## TASK TO CARRY OUT
Could every line of the listing be output exactly, with the pictures skipped?

(Beginning of DATASET EXTRACT)

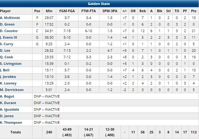 Ce match s’est joué sans Anthony Davis (7ème match manqué pour ‘spasmes au dos’), Kevin Durant (listé comme malade) et Klay Thompson (genou droit douloureux). Après deux premiers quarts-temps disputés (56 partout à la pause), les Warriors ont fait la différence grâce à un 32-23 infligé aux Pelicans dans le 3ème quart-temps. Damion Lee, two-way contract ayant passé la plus grande partie de sa saison en G-League, a battu son record en carrière avec 20 points. Ex-Pelican, Quinn Cook a lui signé 19 points.
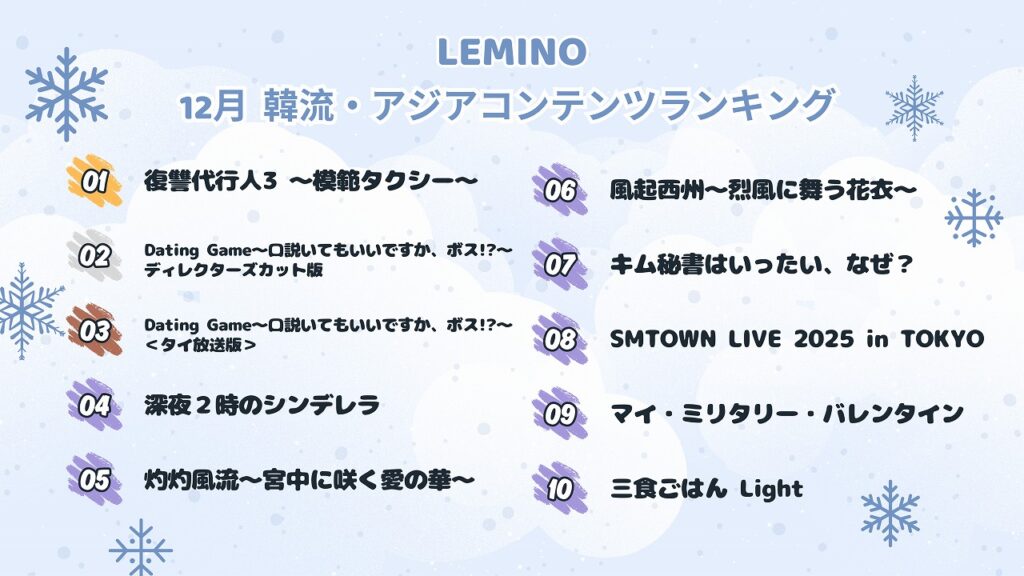 【Leminoで2025年12月に視聴されている人気の韓流・アジアコンテンツTOP10】
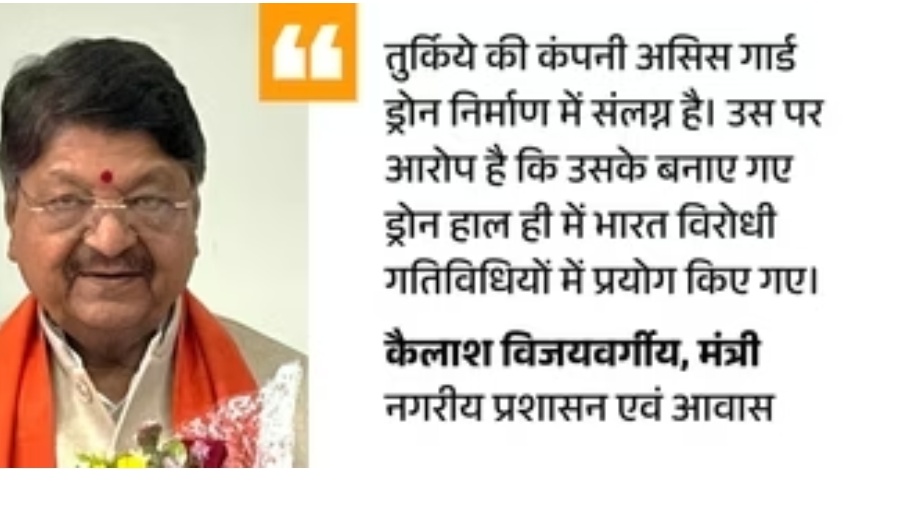 मंत्री ने बयान क्यों दिया? कैबिनेट मंत्री विजयवर्गीय ने बताया- सूत्रों के अनुसार, ‘असिस गार्ड’ के ड्रोन कथित तौर पर पाकिस्तान द्वारा भारत विरोधी गतिविधियों में इस्तेमाल किए गए थे। अधिकारियों को निर्देश दिए हैं कि कंपनी की भूमिका की गहन जांच की जाए। यदि यह साबित होता है कि कंपनी या उसके उत्पाद भारत विरोधी गतिविधियों में शामिल हैं, तो उसका अनुबंध तत्काल प्रभाव से रद्द कर दिया जाएगा।

(End of DATASET EXTRACT)

## RESPONSE TO THE TASK
 Ce match s’est joué sans Anthony Davis (7ème match manqué pour ‘spasmes au dos’), Kevin Durant (listé comme malade) et Klay Thompson (genou droit douloureux). Après deux premiers quarts-temps disputés (56 partout à la pause), les Warriors ont fait la différence grâce à un 32-23 infligé aux Pelicans dans le 3ème quart-temps. Damion Lee, two-way contract ayant passé la plus grande partie de sa saison en G-League, a battu son record en carrière avec 20 points. Ex-Pelican, Quinn Cook a lui signé 19 points.
 【Leminoで2025年12月に視聴されている人気の韓流・アジアコンテンツTOP10】
 मंत्री ने बयान क्यों दिया? कैबिनेट मंत्री विजयवर्गीय ने बताया- सूत्रों के अनुसार, ‘असिस गार्ड’ के ड्रोन कथित तौर पर पाकिस्तान द्वारा भारत विरोधी गतिविधियों में इस्तेमाल किए गए थे। अधिकारियों को निर्देश दिए हैं कि कंपनी की भूमिका की गहन जांच की जाए। यदि यह साबित होता है कि कंपनी या उसके उत्पाद भारत विरोधी गतिविधियों में शामिल हैं, तो उसका अनुबंध तत्काल प्रभाव से रद्द कर दिया जाएगा।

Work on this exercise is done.